Levenshtein edit distance add substitution. For example type/typo are at a distance of 1: subs[e,o]
. It improve over simple distance that wrong character error are not penalized twice. However it loose the ability to prefer transposition.
Damerau edit distance add transposition operation. This has make a metric that do not over penalize substitution, but also prefer word that had letter swapped (not that simple edit distance had that transposition preference too)
Each time we add operation we have the opportunity to better model the error, but it add computation cost
Distance | ed | BULB / BOOB | ed | BULB / BLUB |
---|---|---|---|---|
Simple | 4 | B--ULB Ins[OO] BOO--B Del[UL] |
2 | B-ULB Ins[L] BLU-B Del[L] |
Levenshtein | 2 | Subs[U,O] Subs[L,O] |
2 | Subs[U,L] Subs[L,U] |
Damerau | 2 | Subs[U,O] Subs[L,O] |
1 | Transpose[U,L] |
Metric | L | BULB / BOOB | L | BULB / BLUB |
---|---|---|---|---|
length of lcs | 2 | BB | 3 | BUB or BLB |
This metric is interesting for a number of reason. First we can remember the above case of match("uni","university")
vs match("uni","hi")
: intuitively we tend to count match rather than errors. Then this comparison show that counting match result in a scoring similar to Damerau-Levenshtein. No over-penalty on substitution and partial score for transposition.
Possibly more interesting, length of LCS is fast to compute. Similar in complexity than simple edit distance. Indeed, if we set m: length of string A
, n: length of string B
, ed: simple edit distance with unit cost
. llcs:length of lcs
, we have:
2*llcs = m + n - ed
So basically we can learn from that than:
- If we have either llcs or simple edit distance we can get compute the other.
- The 2 in front of llcs is the reason we do not double penalize substitution.
Please note that while find the longest subsequence between A and B
and find the shortest edit distance between A and B
are equivalent while comparing all of A versus all of B (Global match). They are not equivalent while comparing part of A versus part of B (Local match) or all of A versus part of B (Semi-Global, search a needle in a haystack). This explain that they are different research topic with different typical use.
Furthermore, the resulting score are not equivalent while sorting a list of possible matches of varying length. This is the point we tried to make while comparing "uni"
to ["hi","university"]
. The hypothesis behind this project is that counting matches is more intuitive and should better match user expectation in an interactive user interface.

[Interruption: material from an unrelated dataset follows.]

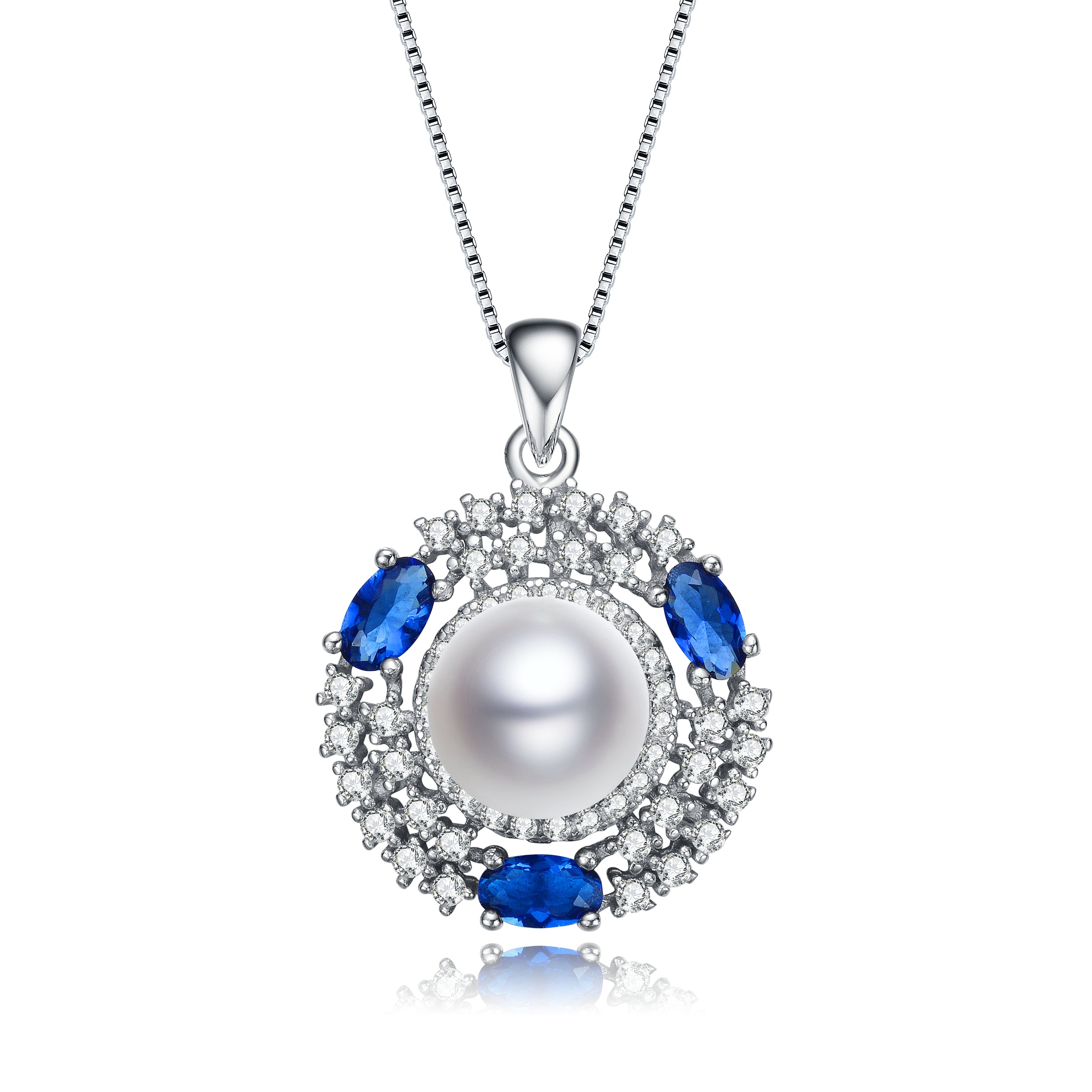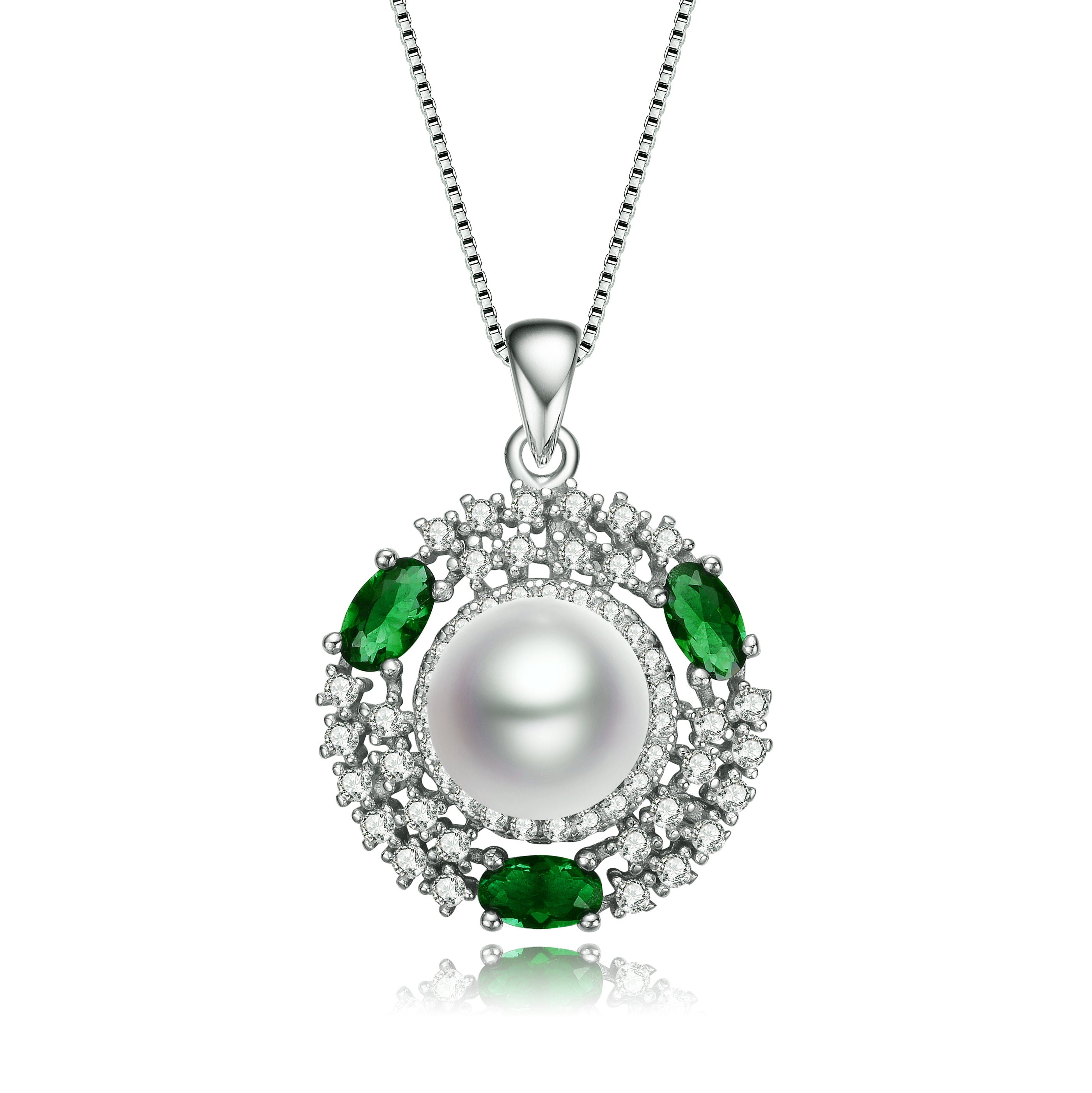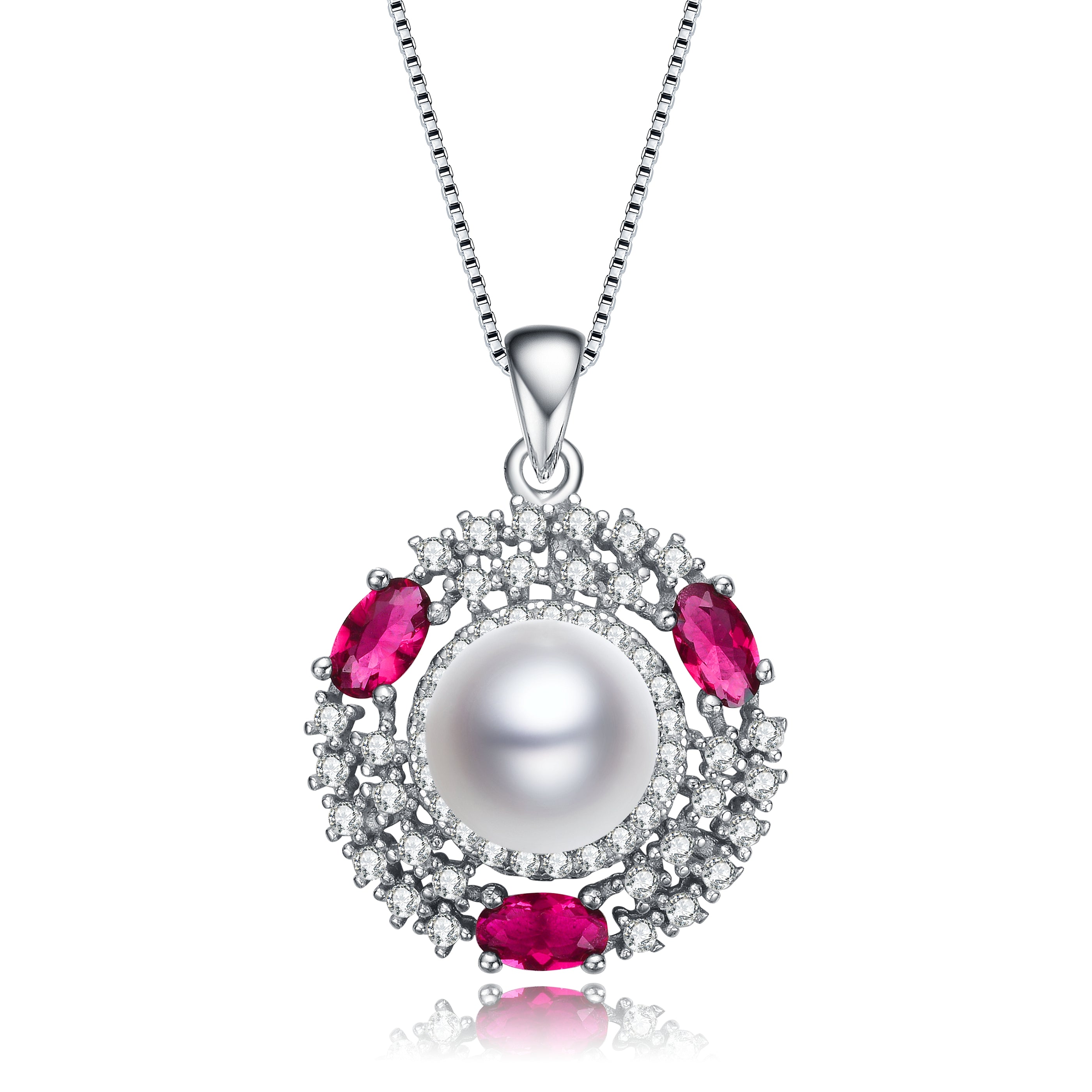 These exquisite pendant feature a lustrous pearl at the center, encircled by sparkling ruby cubic zirconia stones. The sterling silver setting is enhanced with rhodium plating for added durability and shine, creating a timeless piece of jewelry perfect for adding a touch of elegance to any outfit. Ideal for both everyday wear and special occasions.

Where simple edit distance can be overly severe, llcs can be overly optimistic. Matching 3 out of 4 character, or matching 3 out of 40 both give a score of 3. To some extend we want this (better to show something than nothing). But, we also want to give better score to better match, so we have to find to include back some information about error.
Let's consider those three cases:
match("uni","university") // case 1
match("unicorn","university") // case 2
match("uni","ultra-nihilist") // case 3
Let m be the number of matches
- If we compare m to second word length,
- we cannot differentiate case 1 and 2. (3/10)
- we compare m to first word length,
- we cannot differentiate case 1 and 3. (3/3)
- If we compare m to average of both length,
- we cannot differentiate case 2 and 3 !! (3/8.5)
From that we learn that we want to include both length, but not in the form of arythmetic average of both. We need to do more research !
The Jaro–Winkler distance is an heuristic algorithm for string matching. It's fast and perform well in different comparison. In particular the Jaro distance use an approximation of LCS and then report it back to a score ranging from 0-1, combining length of both string. Wrinkler add the idea to give a bonus for common prefix, prefix bonus looks like something that fit well in a auto-complete scenario.
Let's examine a Jaro like score: let m: be number of matches
, sa: size of a
, sb: size of b
.
score = (m/sa + m/sb) /2;
This has some interesting properties:
- better score if we match more of a.
- better score if we match more of b.
- minimum score is m/(2a) even if b is infinitely large.
We do not have access to a number of transposition like Jaro, BUT lcs restrict matches to those that are in correct order, so we have some transposition effect built-in the value of llcs.
There's some very efficient way to compute number of matches between two string, but most of them rely on simplifying the original problem. One such simplification is to only store the score and not the different possible path possible to reach that score.
On the flip side, human most often input start of word rather than something in the middle. Prefix is a common sub-string of both inputs that start at first character. It's fast to compute, and allow to shrink the problem size for llcs computation. We'll add some bonus for common prefix controlled by bonus_match_start
. That's the Winkler like part of our scoring algorithm.
Compromise of using exact prefix is that a typo at the start of the word will stop match, so it can induce a heavy penalty.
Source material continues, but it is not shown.